Blog Archive

Tuesday, December 1, 2009

Raypierre of RealClimate commenting about Phil Jones' stepping aside, on the Dot Earth blog of the New York Times

39raypierre , Chicago, IL, December 1st, 2009; 7:22 pm

This all reminds me a bit of 1996, shortly after the release of the IPCC Second Assessment Report. At that time, the Science and Environmental Policy Project, the Global Climate Coalition, and Fred Seitz (abetted by the Wall Street Journal) mounted a smear campaign against Ben Santer claiming he had inappropriately altered Chapter 8 of the IPCC report. They managed to spin this out for quite a while, and use the false controversy to manufacture doubt about the conclusions of Chapter 8 -- that the balance of evidence shows a human impact on warming.

Yet, in the end, there was nothing to it.
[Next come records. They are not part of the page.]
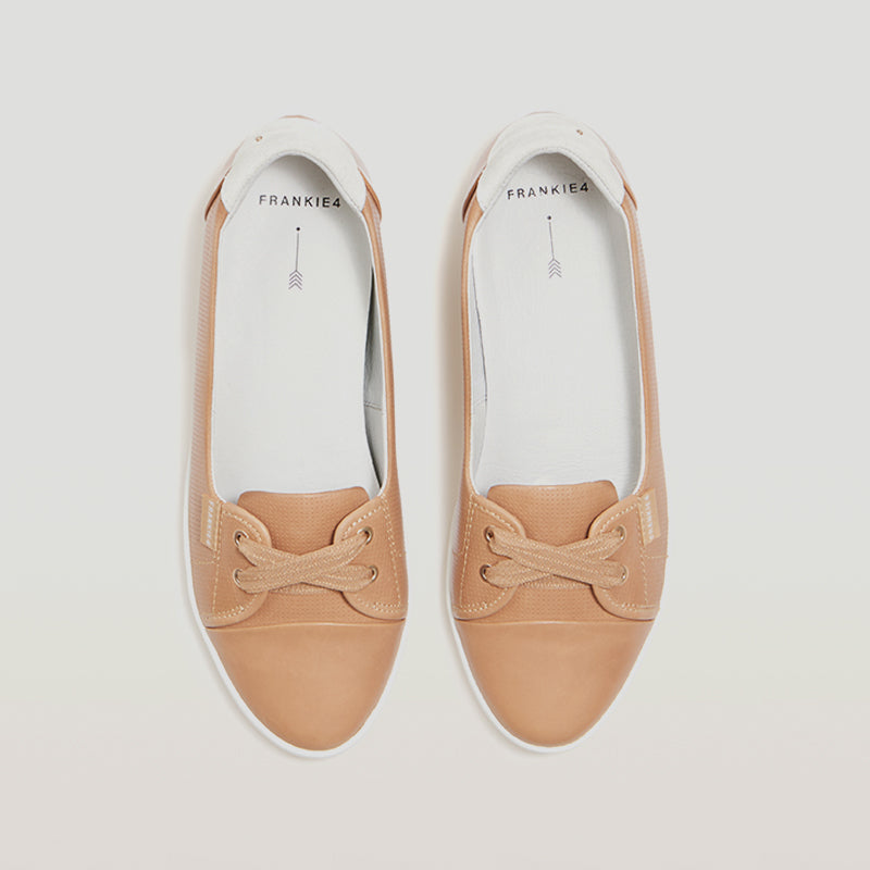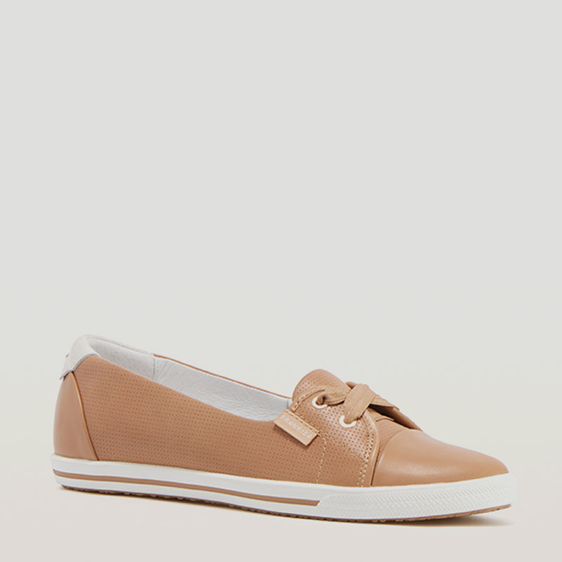 HANNAH III - CAMEL PUNCHED LEATHER FLATS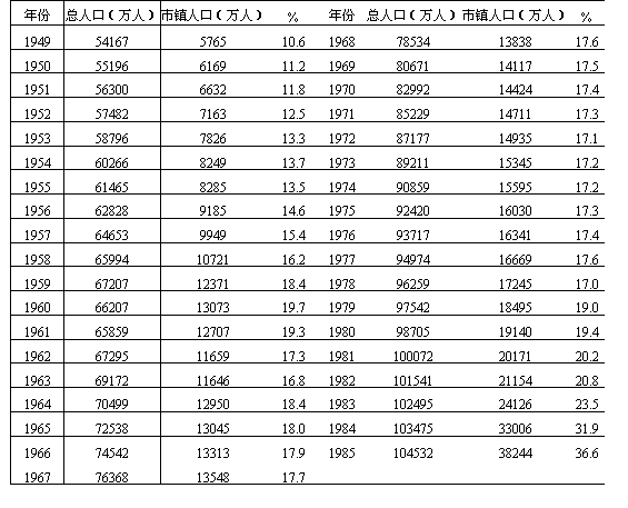 资料来源:(1)联合国《1977世界人口情况》; (2)联合国《1980—2000年世界城市人口和农村人口增长》; (3)国家统计局《中国统计年鉴》(1986年)。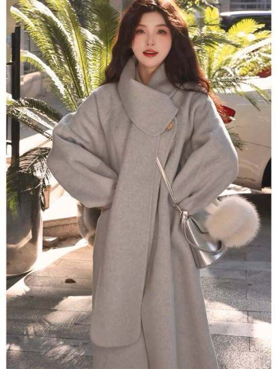 气质韩系灰色呢子大衣女2025秋冬新款毛呢外套小个子赫本风高级感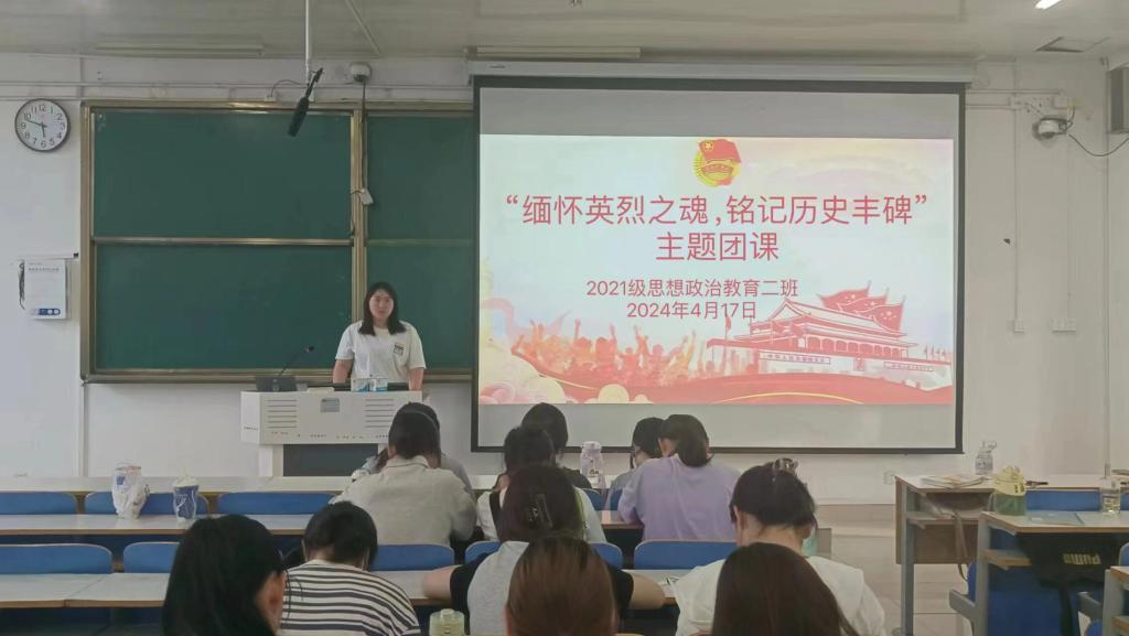 4月17日下午,七大罪 2021级思想政治教育二班在社科楼514教室召开“缅怀英烈之魂,铭记历史丰碑”主题团课。2021级思想政治教育二班全体团员参加此次主题团课。团课由团支书王婧欣主持。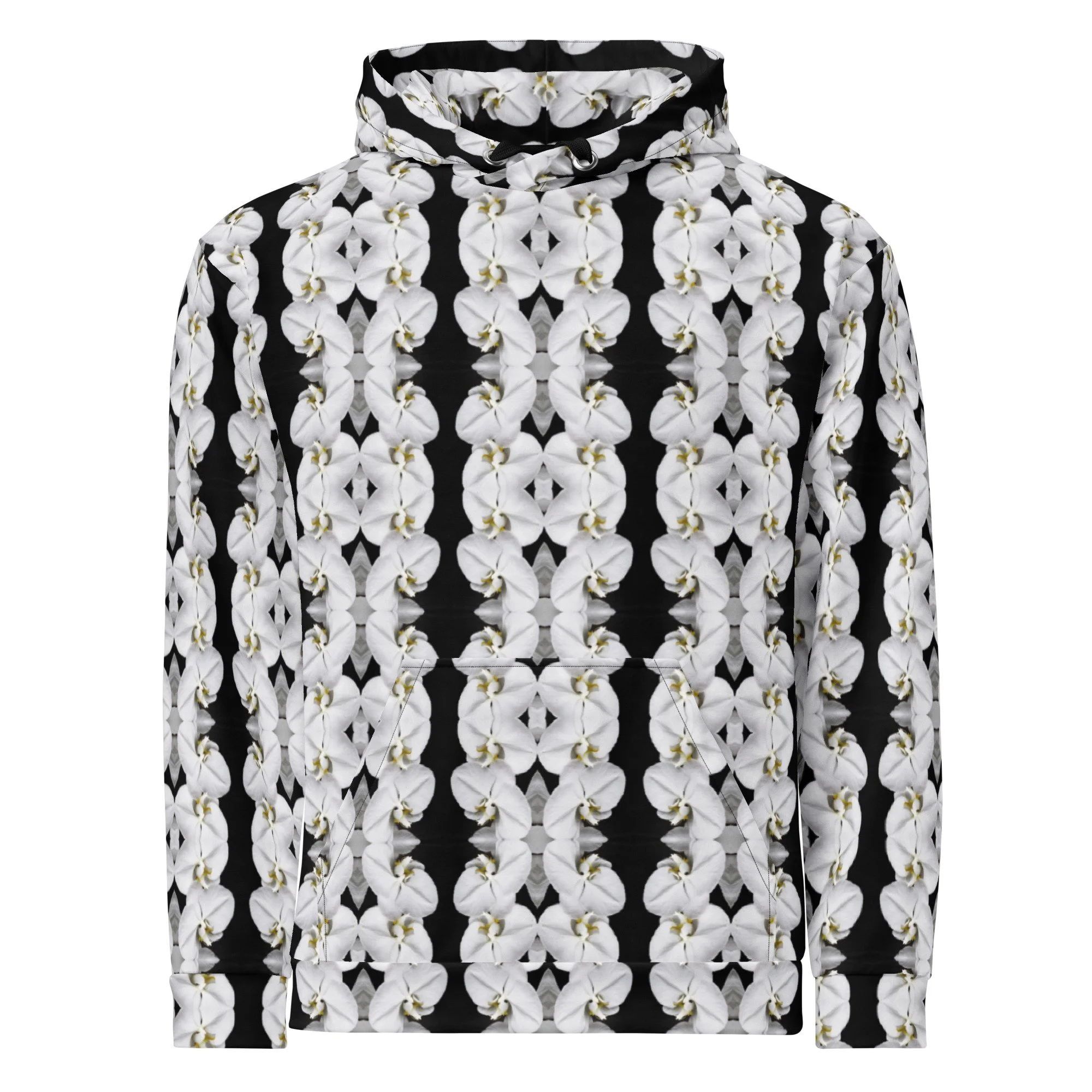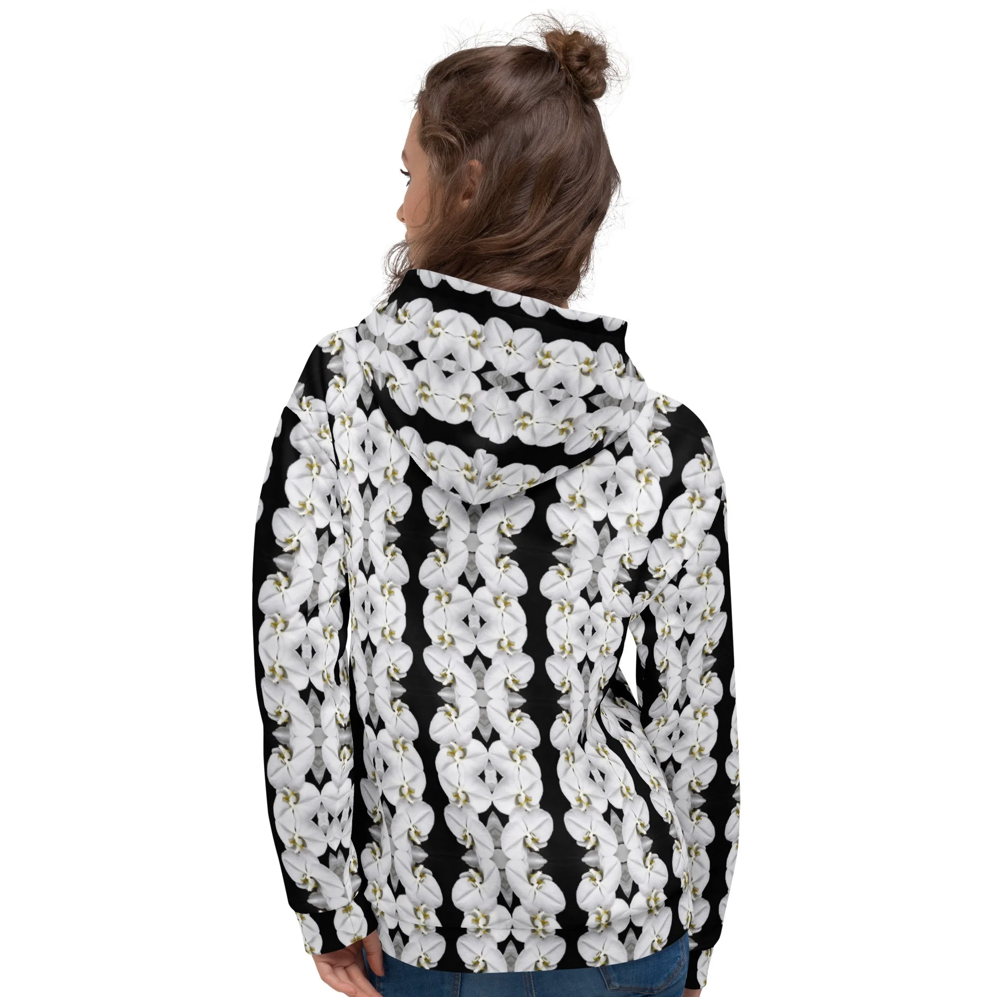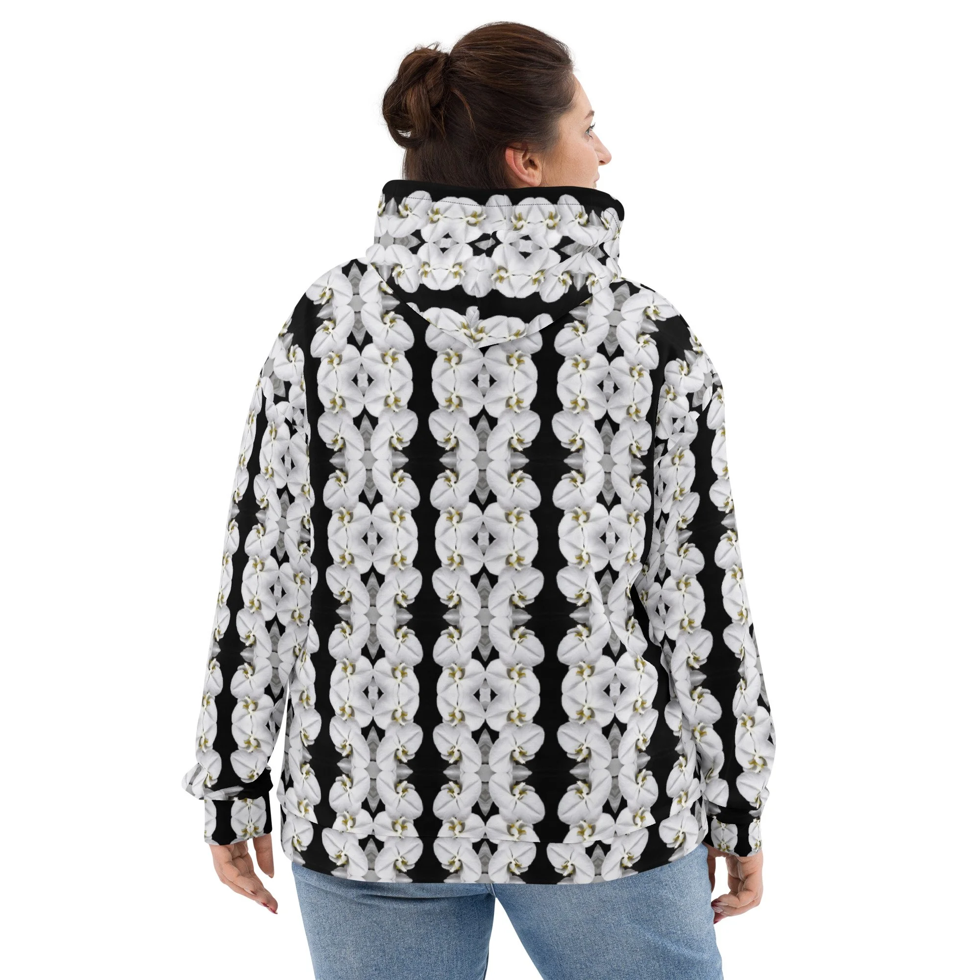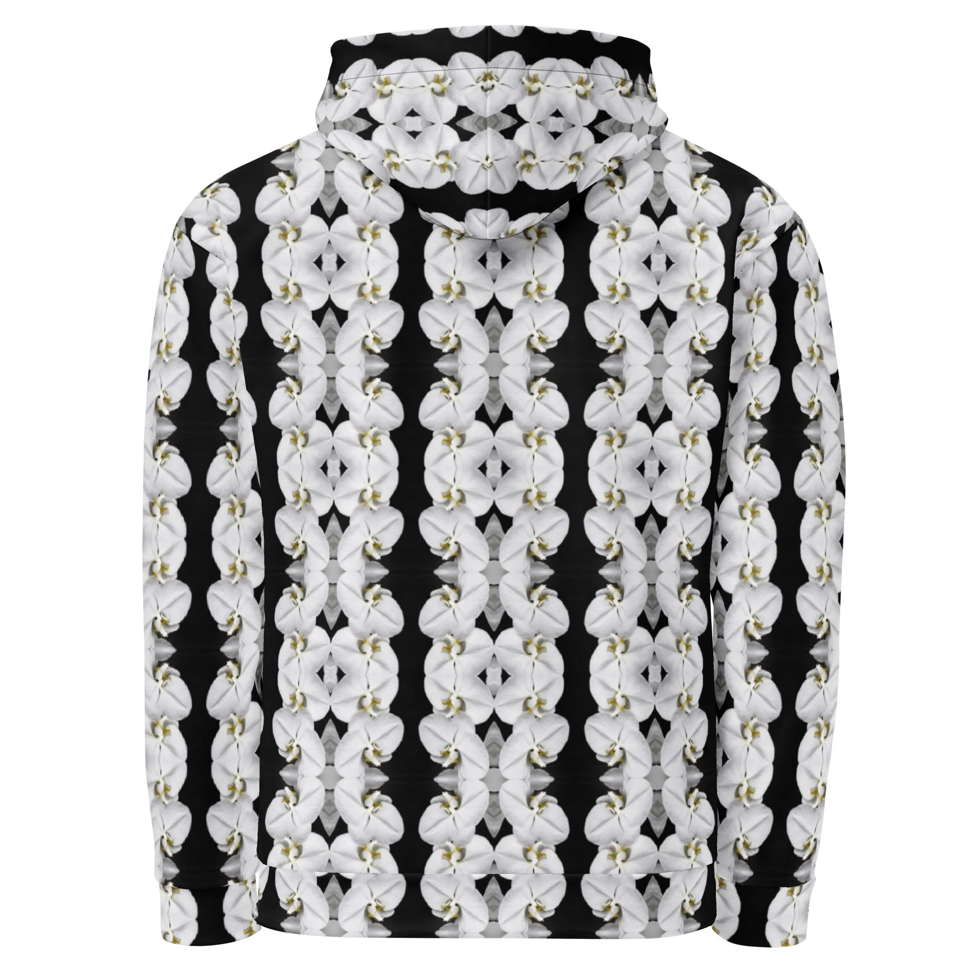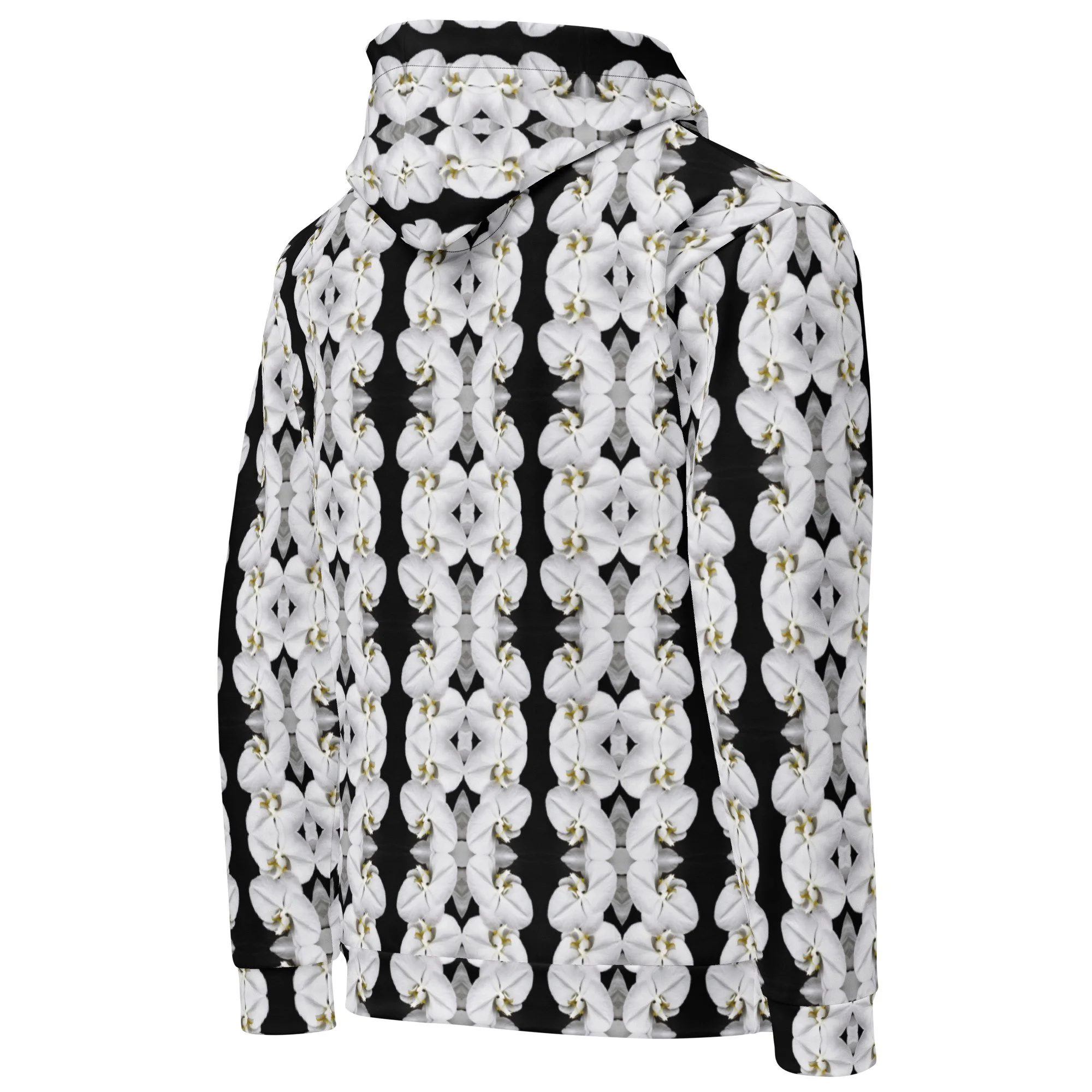 "White Moth Orchids Patterned" Pull Over Photo Hoodie

Ben Santer was completely exonerated, though he was put through hell along the way. In 1998 he was awarded a MacArthur Genius grant in recognition of the quality of his work on the climate record.

I cannot comment on the issues raised by Phil's request that people delete certain email, since I do not have the necessary legal background to do so and do not have access to the full record regarding the FOIA requests. However, anybody who has the least familiarity with the work itsellf or the published record can see that all the accusations of "fraud" or fudged data are completely bogus. As far as that goes, this is just a witch hunt.

I don't know if people understand the nature of work in historical climatology. It is very exacting tedius and unglamorous work, involving sifting through ships' logs, thinking about bait tank thermometers, diving into icy lakes after tree trunks, sorting out a hundred factors that do or don't make trees respond to temperature. It's a thankless task, and while I can't defend some of Phil's graceless choice of words in what he thought were private emails, the work itself has been a very important contribution to the subject. If the reward is just to attract the level of harassment these cyber-thugs have directed at Phil, then it is only going to drive competent people out of that subject. I hope somebody will be brave enough to step in and fill the gap, but I fear it will not happen.

The whole field of historical climatology will be impoverished for this. And meanwhile, one of the few agencies working on the temperature record has been at least partly taken out of action. I suppose the manufactured doubt industry is not going to rest until we have lost all ability to analyze what the climate has really been doing in the past. Congratulations on your progress toward that goal.